The variety of apple (cultivar) used may affect the phenolic content of the juice product [14] which, not surprisingly, will also carry over to the cider vinegar [7]. The level of ripeness that the apples achieved may also affect the final product. A study that examined the ripening stage of apples on phenolic compounds in apple cider (non-alcoholic) found that unripe apples yielded a product with a lower phenolic content compared to ripened apples. The apples used in production can also affect the microbial content of the end product, with organic apples found to produce a more heterogeneous product compared with conventional apples [15]. The variations in microbiota may in turn influence the organic components of ACV which may affect the health promoting properties.

4. Organic Components of ACV

Acetic acid is the most abundant compound. Organic acids from an analysis of a commercially produced ACV using high resolution H NMR spectroscopy are found in Table 1. ACV is well established that various types of phenolic compounds are found in cider apples, particularly the hydroycinnamic acid derivatives, oligomeric flavan-3-ols, dihydrochalcones, and flavonols [16]. The phenolic content of ACV will vary with cultivar and processing [17]. Phenolic content of ACV was determined to consist of gallic acid, catechin, epicatechin, chlorogenic acid, caffeic acid and p-coumaric acid.
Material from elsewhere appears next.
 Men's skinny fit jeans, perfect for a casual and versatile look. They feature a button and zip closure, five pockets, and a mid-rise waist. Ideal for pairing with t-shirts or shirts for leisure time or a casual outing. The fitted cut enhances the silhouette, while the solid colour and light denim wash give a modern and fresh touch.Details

Chlorogenic acid is the dominant phenolic substance in ACV [6]. The total phenol content and chlorogenic acid content appear to vary significantly between different studies, possibly attributed to the different ACVs being used.
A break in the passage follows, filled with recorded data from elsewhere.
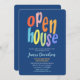En färgglad och rolig inbjudan till öppen hus-fest. Denna fantastiska inbjudan har modern och djärv typografi på en blå bakgrund. Lätt att anpassa med dina egna detaljer för öppen hus eller födelsedagsfirande.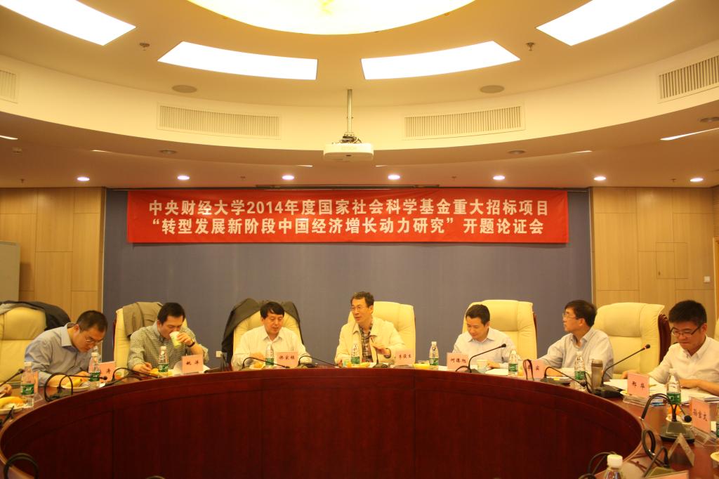 2015年4月29日,由s36沙龙会陈斌开教授主持的2014年度国家社科基金重大招标项目《转型发展新阶段中国经济增长动力研究》开题论证会在学术会堂606举行。专家组由南开大学副校长、南开大学WTO研究中心主任佟家栋教授;中国社会科学院金融研究所党委书记、副所长何德旭教授;北京大学国家发展研究院院长、中国经济研究中心主任姚洋教授;北京师范大学经济与工商管理学院特聘教授,北京师范大学中国收入分配研究院执行院长李实教授组成。中央财经大学副校长李俊生教授、互联网经济研究院院长孙宝文教授、s36沙龙会院长李涛教授和课题组相关成员及部分师生参加了本次论证会。会议由科研处副处长邢华博士主持。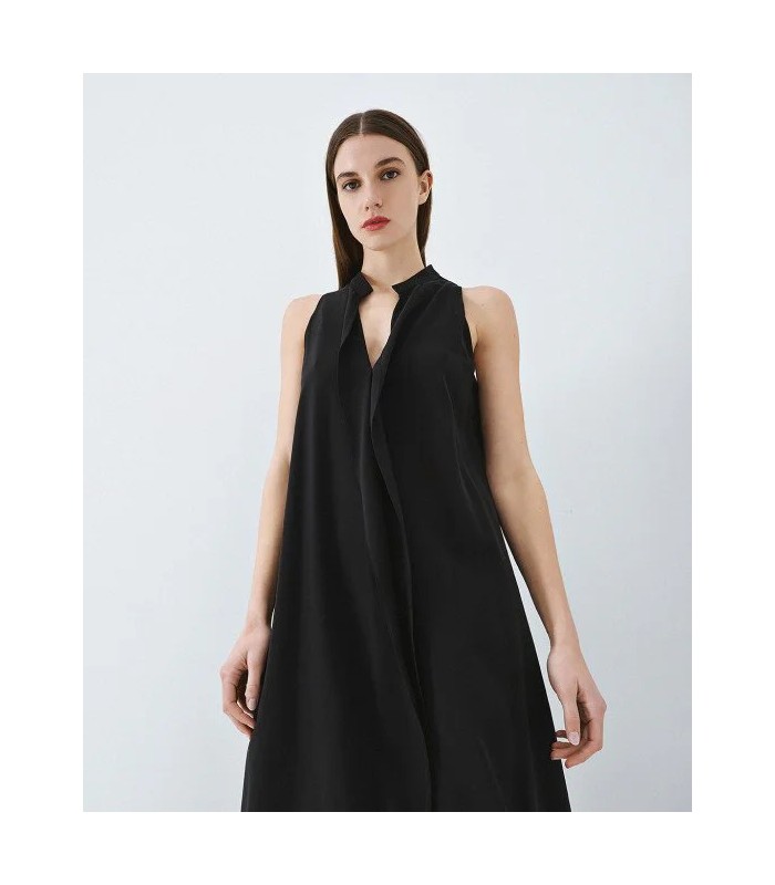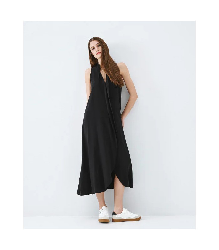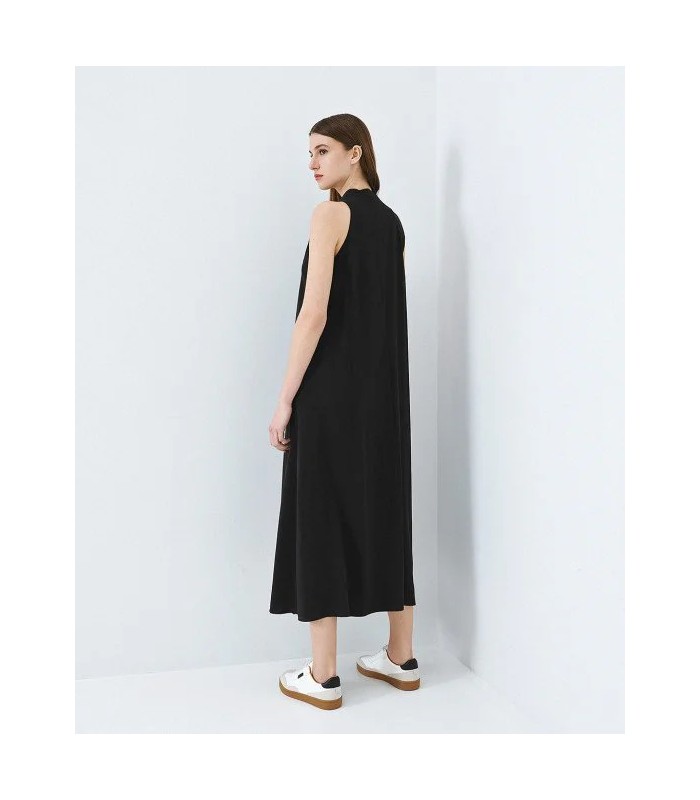 Vestido midi sin mangas con escote en V, detalles de volantes y abertura frontal.

Dietary polyphenols are natural phytochemical compounds and include the phenolic acid chlorogenic acid, a hydroxycinnamic acid derivative. Studies demonstrate rapid absorption of the polyphenolic compounds from the intestine. Many healthful benefits are attributed to polyphenols, such as antioxidant, antiallergic, anti-inflammatory, anti-viral and anti-microbial, anti-proliferative, anti-mutagenic, anti-carcinogenic, free radical scavenging, and induction of antioxidant enzymes [19, 20]. There is also some evidence of modulation of signalling pathways such as nuclear factor kappa-B (NF-κB) and mitogen-activated protein kinases (MAPK) [16].
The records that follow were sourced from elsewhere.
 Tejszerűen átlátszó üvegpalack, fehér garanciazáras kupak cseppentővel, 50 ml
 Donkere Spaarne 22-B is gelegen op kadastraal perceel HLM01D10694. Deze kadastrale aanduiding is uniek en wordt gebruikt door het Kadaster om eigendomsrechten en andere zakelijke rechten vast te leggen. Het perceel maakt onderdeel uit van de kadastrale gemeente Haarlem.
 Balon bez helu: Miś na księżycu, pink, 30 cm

Table 1. Organic acids in ACV

5. Management of Hyperglycaemia Using ACV

Hemoglobin A1c (HbA1c) level measures the glycation of hemoglobin, accurately identifies the average plasma glucose concentration over the previous three months. A study which investigated the effect acetic acid had on HbA1c in type 2 diabetics, found that Hb1Ac values fell by 0.16% units over the course of the 12-week trial, compared with controls who did not ingest any vinegar, where HbA1c levels rose by 0.06% [21]. HbA1c in diabetic rats was also significantly lowered with ACV consumption [22].
Several mechanisms may explain the ways in which acetic acid lowers plasma glucose have been suggested. These include inhibition of disaccharidase activity [23-25] and/or decrease in the hydrolytic enzyme α-amylase [26], delayed gastric emptying [27, 28] and an enhanced glucose uptake and conversion to glycogen in the periphery [23, 29, 30].
Delayed gastric emptying was noted in healthy subjects who consumed white bread along with a white vinegar dressing which contained olive oil (18mmol acetic acid in 20g vinegar). White vinegar is an aqueous solution containing approximaetly 6% acetic acid. Gastric emptying rate was indirectly measured through consumption of paracetamol baked into white bread; the blood paracetamol level was lower in the vinegar group compared with the control group. During the postprandial phase subjects who had consumed vinegar had significantly lower blood glucose levels and the insulin response in these subjects was also noted to be significantly lower compared with the reference meal [28]. Paracetamol however, may be absorbed and metabolised at different rates. Other research has also found a link to acetic acid consumption with delayed gastric emptying [27].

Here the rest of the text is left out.